++++ DATASET RECORDS ++++
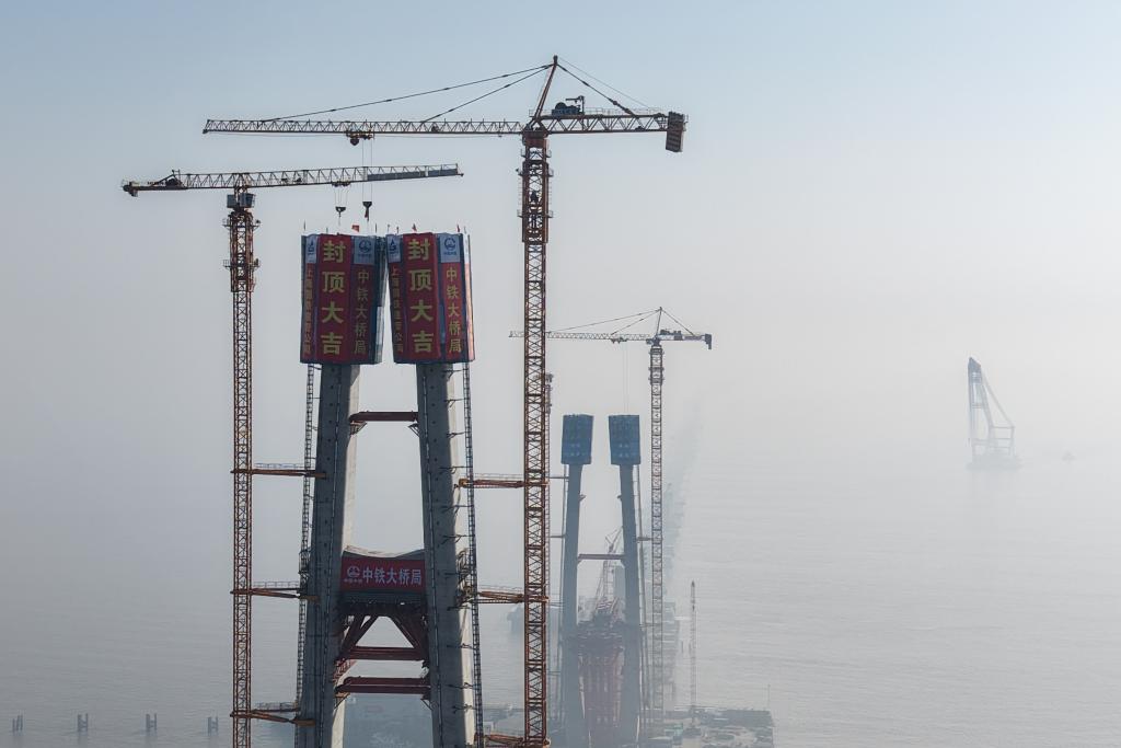 1月16日,在浙江杭州灣海鹽側離岸約0.4公里的海面上,由上海國鐵建管公司建設管理、中鐵大橋局承建的北航道橋高達200米的8號主塔成功封頂。這是大橋全線三座航道橋、七座主塔中首座封頂的主塔,標誌着這一超級工程建設取得重大階段性進展。
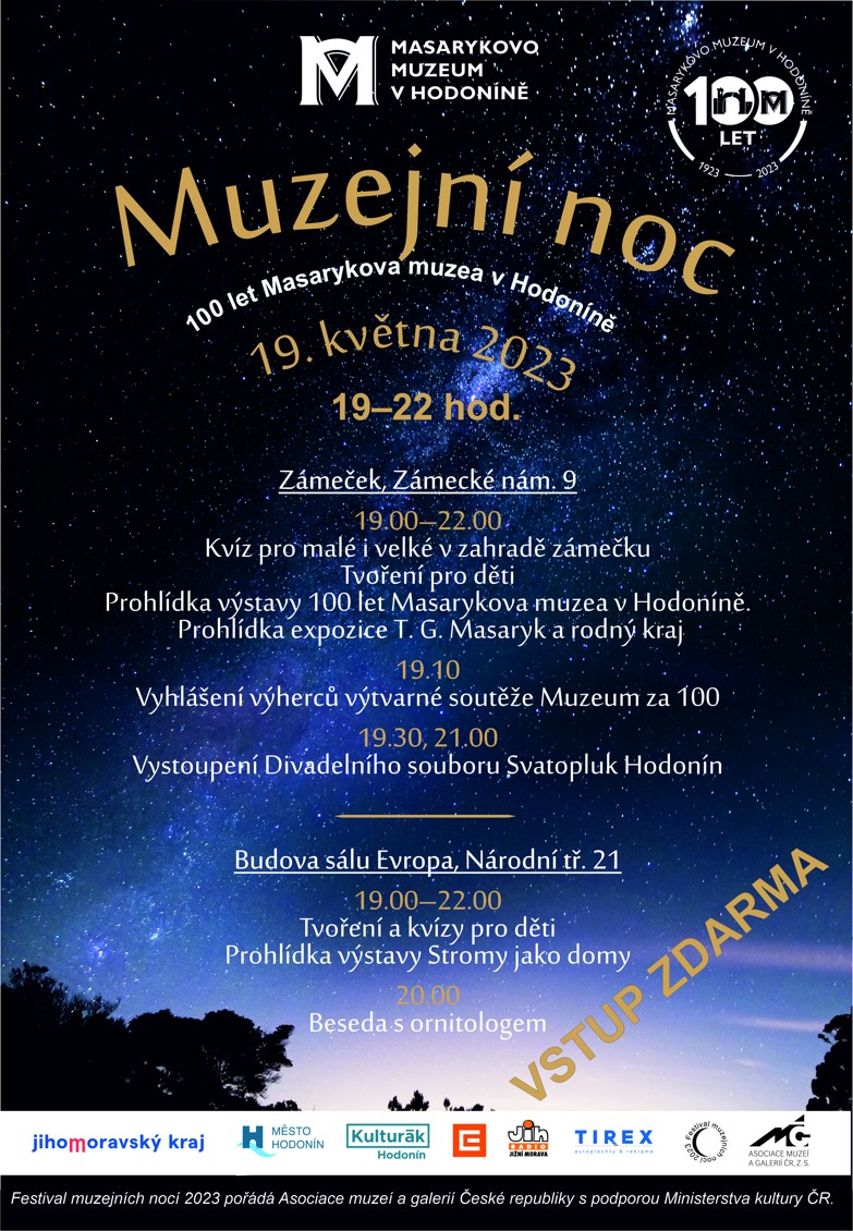 Masarykovo muzeum v Hodoníně zve na akci Muzejní noc 2023. Akce se uskuteční 19. května od 19.00 do 22.00 v zámečku muzea a v budově sálu Evropa.
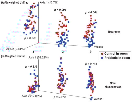 Beta diversity was examined with a principal coordinate analysis (PCoA) using unweighted Unifrac distances (sensitive to rarer taxa) and weighted Unifrac distances (sensitive to abundances of taxa), which are the best ways to visualize the microbiome community as a whole []. For the analysis, PERMANOVA was used at each time point in QIIME2. Alpha diversity is a within-samples measure and was examined using evenness, observed features, and Faith’s Phylogenetic Diversity or Faith_PD []. Differential abundance was assessed on the ASVs using an analysis of the composition of microbiomes (ANCOM) [] as implemented in QIIME2.
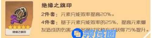 1:绝缘旗印,这套圣物套装是雷电将军的最佳适应,四件套伤害可以直接提高元素爆发的效果,非常适合雷电将军;
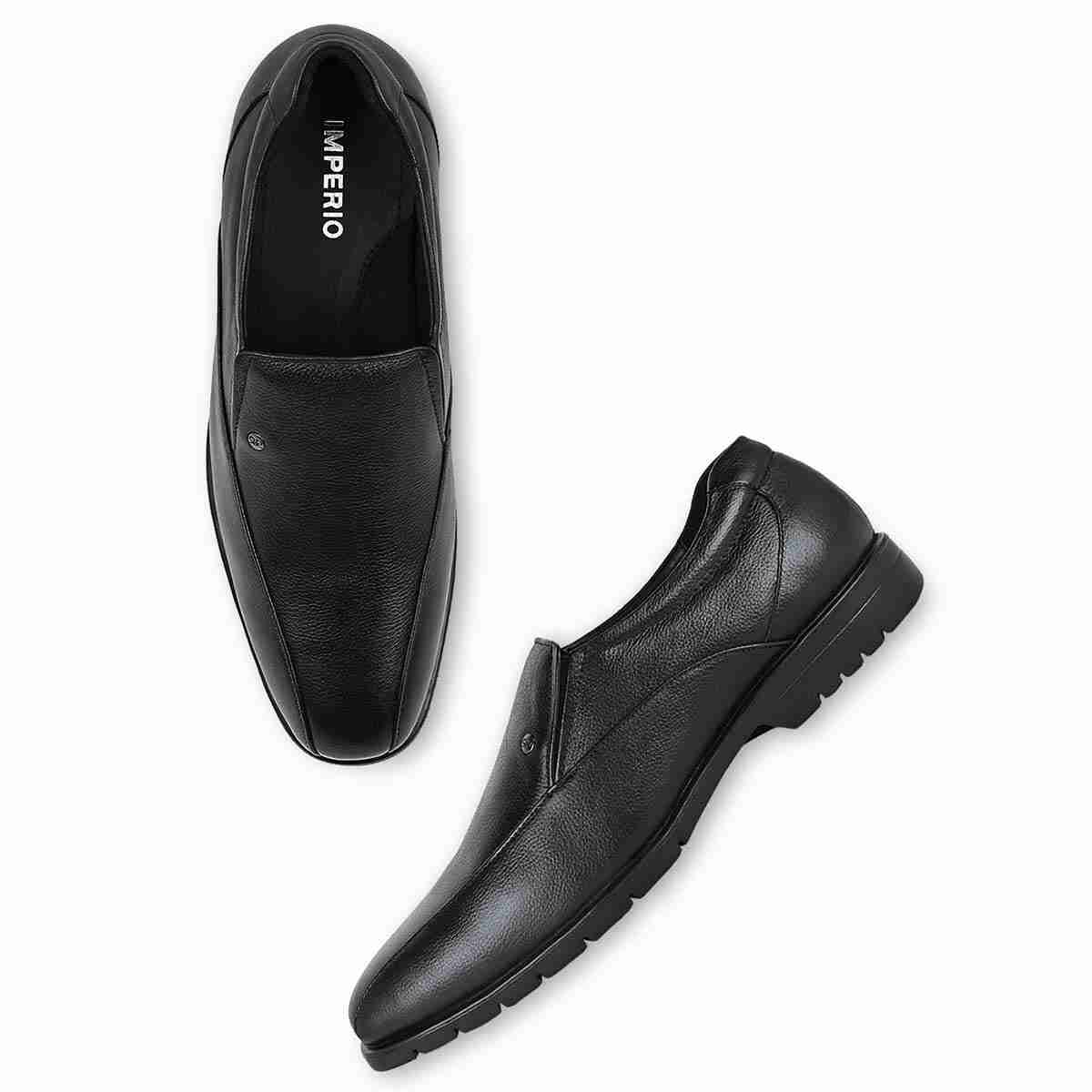 Step into sophistication and timeless elegance with our Imperio by Regal Shoes premium collection of formal slip-on leather shoes designed exclusively for men. Imperio Shoes formal slip-on men's shoes are crafted from high-quality, genuine leather, ensuring durability and a luxurious feel. The leather not only adds a touch of refinement but also molds to your feet for a personalized fit over time. These formal slip-on shoes feature cushioned insoles that provide support, allowing you to stay on your feet with ease.
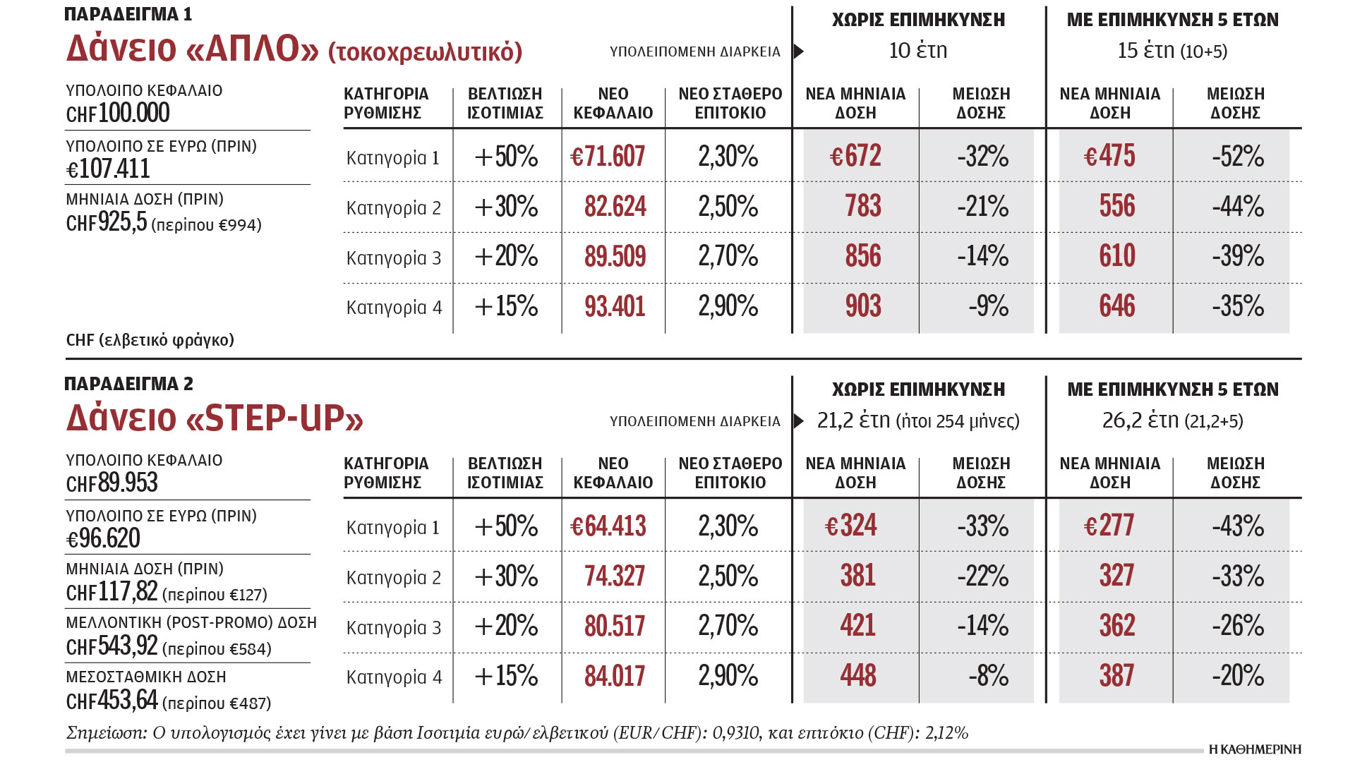 Εστω, π.χ., ότι κάποιος έχει σήμερα οφειλή 100.000 ελβετικών φράγκων. Σε ευρώ η οφειλή μεταφράζεται σε 107.411 (ο υπολογισμός έχει γίνει με βάση ισοτιμία ευρώ/ελβετικού: 0,9310 και επιτόκιο ελβετικού: 2,12%). Εφόσον πληροί τα εισοδηματικά και περιουσιακά κριτήρια της κατηγορίας 1 μπορεί να πάρει μείωση ισοτιμίας 50% και το κεφάλαιό του να μειωθεί σε 71.607 ευρώ. Με σταθερό επιτόκιο 2,30% η μηνιαία δόση διαμορφώνεται σε 672 ευρώ και υπολογίζεται ότι μειώνεται κατά 32% σε σχέση με ό,τι πλήρωνε έως σήμερα.
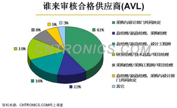 誰能審核和最終決定合格供應(yīng)商名單呢?這是電子元器件制造商和分銷商最為關(guān)心的問題,從調(diào)查數(shù)據(jù)中可以看出,決策權(quán)并不限于某一個(gè)部門。趨于四成的公司審核和決定合格供應(yīng)商名單(AVL)是由采購(gòu)與設(shè)計(jì)部門共同決定,由采購(gòu)部門單獨(dú)決策的不足一成;而由研發(fā)部門單獨(dú)決策的僅為15%,由此可見,在電子產(chǎn)品開發(fā)速度加快和上市時(shí)間日趨壓縮的背景下,電子行業(yè)的采購(gòu)與研發(fā)的合作關(guān)系日趨緊密,采購(gòu)部門更多的參與到產(chǎn)品開發(fā)的過程中,在提供成本預(yù)測(cè)、確定替代供貨源和降低成本方面扮演著重要角色。此外,通過調(diào)查還發(fā)現(xiàn),多個(gè)部門共同決定元器件采購(gòu),已經(jīng)成為業(yè)界采購(gòu)流程的發(fā)展趨勢(shì)。除研發(fā)和采購(gòu)部門外,公司總經(jīng)理等決策高層也更多的關(guān)注和參與到電子元器件采購(gòu)中。
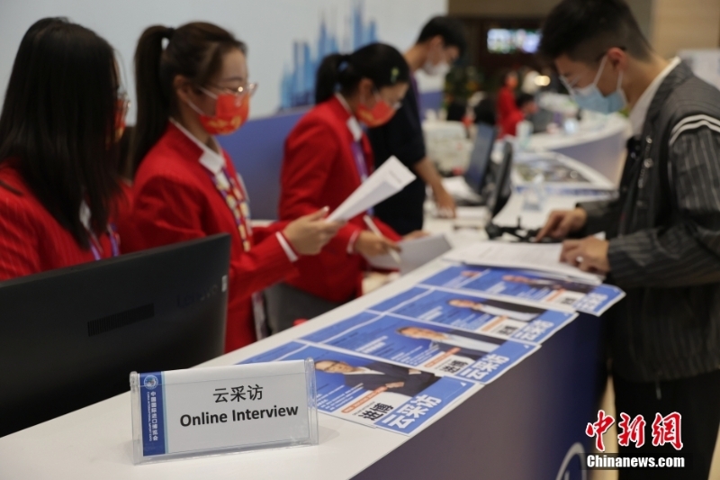 11月4日,上海,第四屆中國國際進(jìn)口博覽會新聞中心正式開放運(yùn)營。據(jù)悉,新聞中心將為記者們繼續(xù)提供云采訪室,增加了重量級嘉賓與中外記者“云”對話。 中新社記者 楊可佳 攝
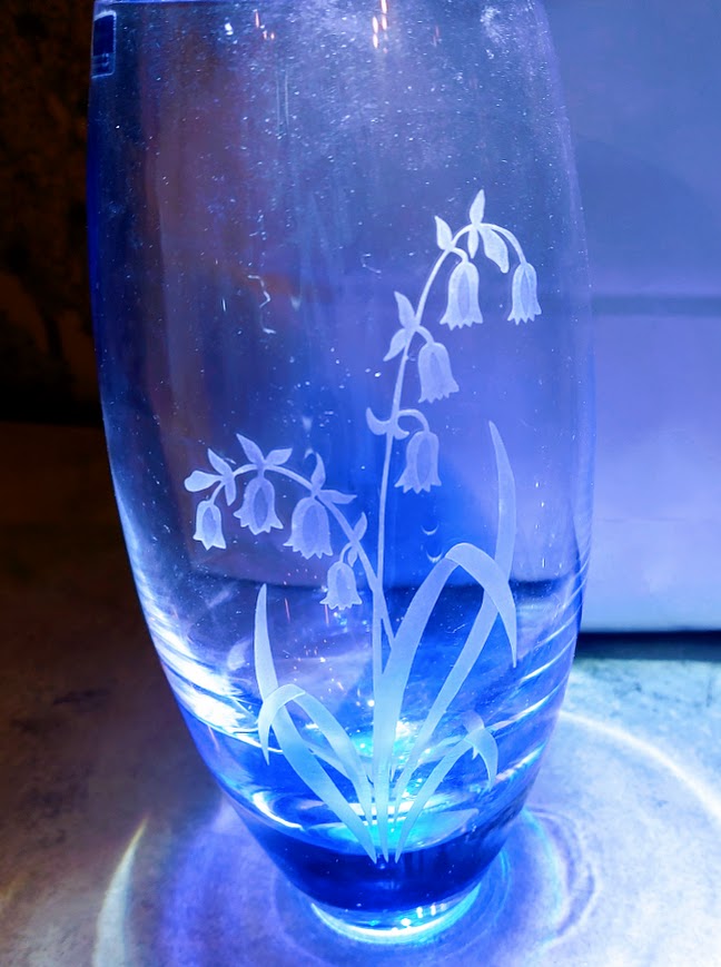 A pristine Caithness etched vase from the 1970’s. More commonly seen with the daffodil etching not only are these bluebell etchings uncommon but also the intense blue colour of the glass, and this makes this vase an eye catching addition even when empty.
++++
• YOUR GOAL
Each line from the start of the entries through the line with "Step into sophistication" is to be restated exactly, and the pictures are to be skipped.

• SOLVED EXERCISE
 1月16日,在浙江杭州灣海鹽側離岸約0.4公里的海面上,由上海國鐵建管公司建設管理、中鐵大橋局承建的北航道橋高達200米的8號主塔成功封頂。這是大橋全線三座航道橋、七座主塔中首座封頂的主塔,標誌着這一超級工程建設取得重大階段性進展。
 Masarykovo muzeum v Hodoníně zve na akci Muzejní noc 2023. Akce se uskuteční 19. května od 19.00 do 22.00 v zámečku muzea a v budově sálu Evropa.
 Beta diversity was examined with a principal coordinate analysis (PCoA) using unweighted Unifrac distances (sensitive to rarer taxa) and weighted Unifrac distances (sensitive to abundances of taxa), which are the best ways to visualize the microbiome community as a whole []. For the analysis, PERMANOVA was used at each time point in QIIME2. Alpha diversity is a within-samples measure and was examined using evenness, observed features, and Faith’s Phylogenetic Diversity or Faith_PD []. Differential abundance was assessed on the ASVs using an analysis of the composition of microbiomes (ANCOM) [] as implemented in QIIME2.
 1:绝缘旗印,这套圣物套装是雷电将军的最佳适应,四件套伤害可以直接提高元素爆发的效果,非常适合雷电将军;
 Step into sophistication and timeless elegance with our Imperio by Regal Shoes premium collection of formal slip-on leather shoes designed exclusively for men. Imperio Shoes formal slip-on men's shoes are crafted from high-quality, genuine leather, ensuring durability and a luxurious feel. The leather not only adds a touch of refinement but also molds to your feet for a personalized fit over time. These formal slip-on shoes feature cushioned insoles that provide support, allowing you to stay on your feet with ease.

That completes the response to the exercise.